Your answer is the lines below, exactly, from the one that contains "バラと同じ頃咲く大輪系のクレ" through the one that contains "군산근대미술관이 10월 14일부터", both included.
-- GIVEN RECORDS follows --
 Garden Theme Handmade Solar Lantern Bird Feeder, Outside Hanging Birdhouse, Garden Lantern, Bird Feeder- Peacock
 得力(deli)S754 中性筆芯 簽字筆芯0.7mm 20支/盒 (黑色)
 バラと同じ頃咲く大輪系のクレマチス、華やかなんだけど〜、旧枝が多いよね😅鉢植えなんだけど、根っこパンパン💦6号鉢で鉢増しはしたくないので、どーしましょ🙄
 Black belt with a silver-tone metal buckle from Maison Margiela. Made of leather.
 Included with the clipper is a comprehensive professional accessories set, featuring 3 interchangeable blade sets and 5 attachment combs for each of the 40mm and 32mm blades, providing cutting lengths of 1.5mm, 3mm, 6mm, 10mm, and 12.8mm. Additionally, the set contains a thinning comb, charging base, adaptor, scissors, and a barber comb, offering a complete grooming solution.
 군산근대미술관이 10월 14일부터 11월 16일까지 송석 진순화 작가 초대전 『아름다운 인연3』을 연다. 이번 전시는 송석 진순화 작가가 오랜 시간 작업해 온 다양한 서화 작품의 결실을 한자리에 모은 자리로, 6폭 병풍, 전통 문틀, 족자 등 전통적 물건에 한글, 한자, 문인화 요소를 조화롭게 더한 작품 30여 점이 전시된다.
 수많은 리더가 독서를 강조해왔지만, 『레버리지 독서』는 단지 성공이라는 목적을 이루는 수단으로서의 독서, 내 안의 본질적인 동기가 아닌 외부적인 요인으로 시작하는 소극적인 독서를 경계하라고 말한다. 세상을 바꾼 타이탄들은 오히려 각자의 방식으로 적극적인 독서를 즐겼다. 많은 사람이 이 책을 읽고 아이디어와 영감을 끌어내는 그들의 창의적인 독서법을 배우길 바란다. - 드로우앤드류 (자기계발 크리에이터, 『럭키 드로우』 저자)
-- GIVEN RECORDS concluded --
EXPECTED ANSWER>
 バラと同じ頃咲く大輪系のクレマチス、華やかなんだけど〜、旧枝が多いよね😅鉢植えなんだけど、根っこパンパン💦6号鉢で鉢増しはしたくないので、どーしましょ🙄
 Black belt with a silver-tone metal buckle from Maison Margiela. Made of leather.
 Included with the clipper is a comprehensive professional accessories set, featuring 3 interchangeable blade sets and 5 attachment combs for each of the 40mm and 32mm blades, providing cutting lengths of 1.5mm, 3mm, 6mm, 10mm, and 12.8mm. Additionally, the set contains a thinning comb, charging base, adaptor, scissors, and a barber comb, offering a complete grooming solution.
 군산근대미술관이 10월 14일부터 11월 16일까지 송석 진순화 작가 초대전 『아름다운 인연3』을 연다. 이번 전시는 송석 진순화 작가가 오랜 시간 작업해 온 다양한 서화 작품의 결실을 한자리에 모은 자리로, 6폭 병풍, 전통 문틀, 족자 등 전통적 물건에 한글, 한자, 문인화 요소를 조화롭게 더한 작품 30여 점이 전시된다.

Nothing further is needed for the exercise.